At this level, frustration is the biggest potential drawback. Kids may feel challenged by the limitations of controller-based simulation of real-world phenomena. In real soccer, players use their whole bodies to make successful passes, shots, and defensive moves. Particularly for a beginner, hard work and focus quickly lead to improvement. In FIFA, you have the controller. While EA Sports has invented many button combinations to create different types of plays, these are a far cry from the biomechanics of the human body. When kids exclaim, “How did I miss that shot!”, they may be expressing some subconscious blurring of physical and virtual experience. In other words, luck plays a much larger role than skill in the simulated game, a fact that kids may not fully appreciate.

Simulation is another subtle concept that youth may have difficulty grasping. Sports based video games use “artificial intelligence” to simulate human decision making. A kid can only control one player at a time—the software automates actions of the other 10 players. Not surprisingly (at least to an adult), automated players often do irrational things. AI can only approximate human thought, and so virtual players often make ill-timed runs, don’t defend consistently, and generally fail to sense the flow of the game and the intent of the one human-controlled player on the field. Kids can get extremely frustrated when their players don’t behave as expected.

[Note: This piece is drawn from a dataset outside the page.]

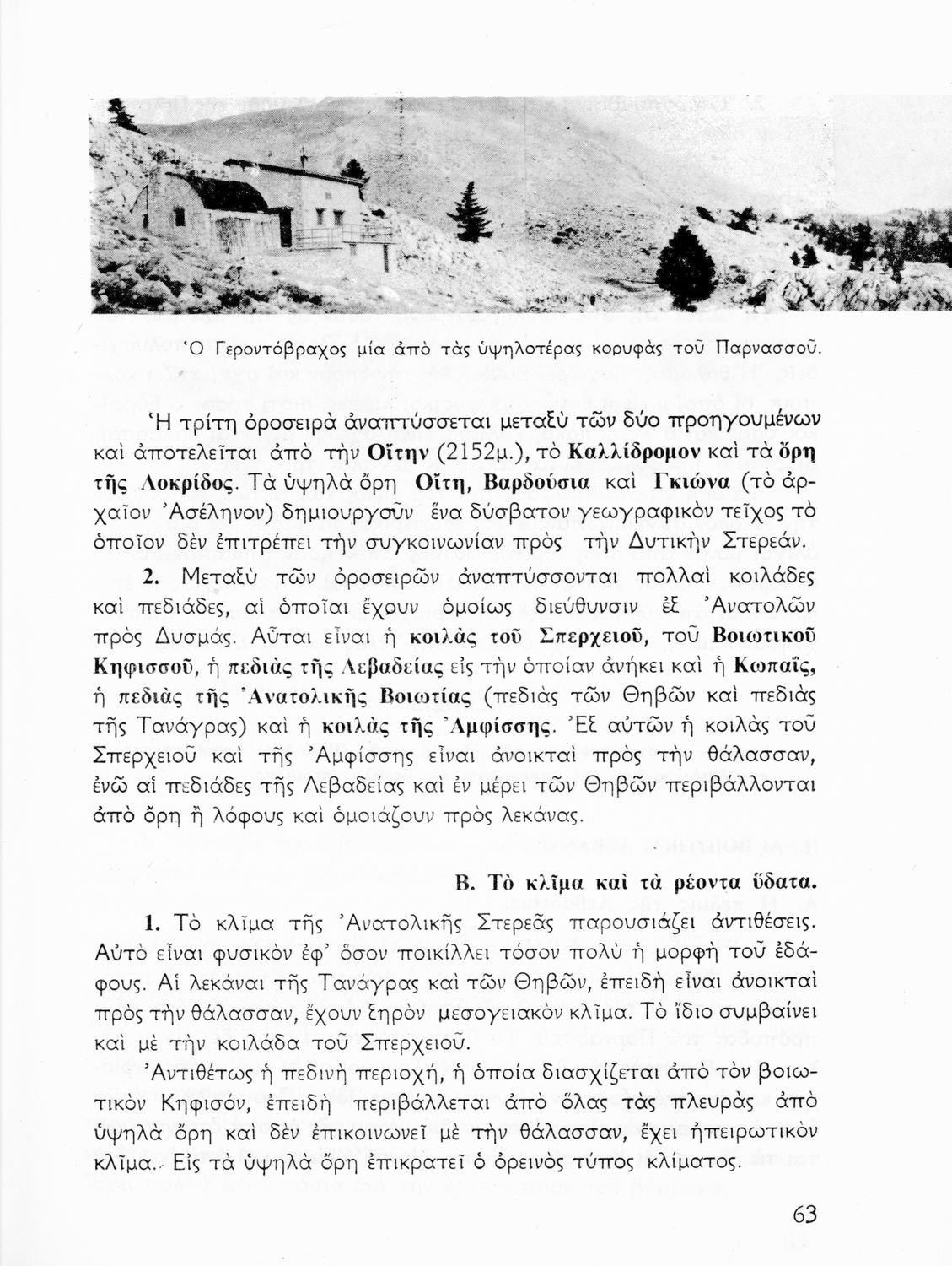 Σχολικό εγχειρίδιο Γεωγραφίας που πραγματεύεται το κλίμα της Ελλάδας ανά γεωγραφική περιοχή και περιέχει κλιματολογικούς χάρτες. Ο συγγραφέας υπήρξε τακτικός καθηγητής του Πανεπιστημίου Αθηνών.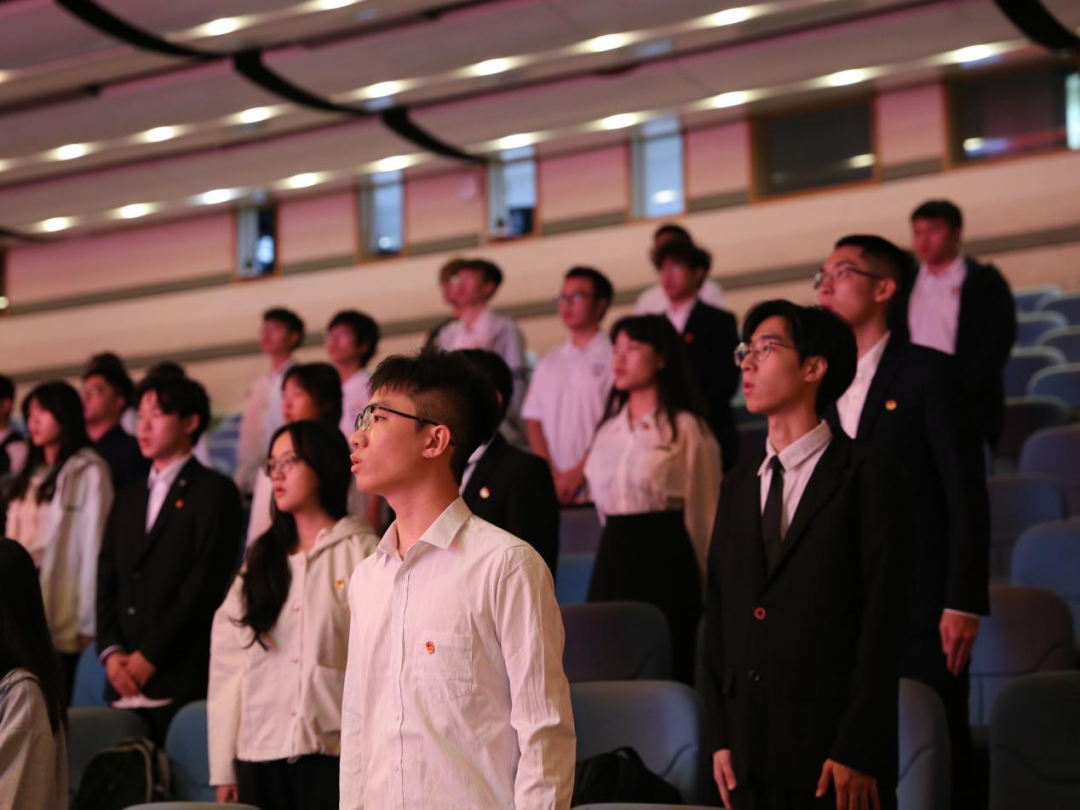 大会的第一项议程为奏唱国歌、团歌,在鲜艳的五星红旗照耀下,全体成员起立,庄严唱响国歌、团歌。

To their credit, Common Sense alludes to consumerism in the gameScreen Shot 2015-10-24 at 12.28.08 PM

EA Sports boldly monetizes all aspects of the game, embedding advertisements like in real contests. On the one hand, the effect is authentic. On the other hand, companies are advertising their wares to the player, and your child is absorbing all of those messages while playing! If you have doubts about this, just ask any young soccer fan whether they have heard of Etihad and what it is.


Electronic Arts surely understands the value of blurring the lines between reality and simulation. Each year, non-game play animation grows more realistic, and EA and FIFA product logos appear at real games.

This is virtual.

Michael Oliver referee 2014-15
This is real.


Real foreground, virtual background

What effects do idealized simulations of people have on young kids? Do kids conceive of players as real people with emotions, camaraderie, and team concept, when they spend so much time playing as their avatars? I hesitate to speculate and would love to read some real research on this topic.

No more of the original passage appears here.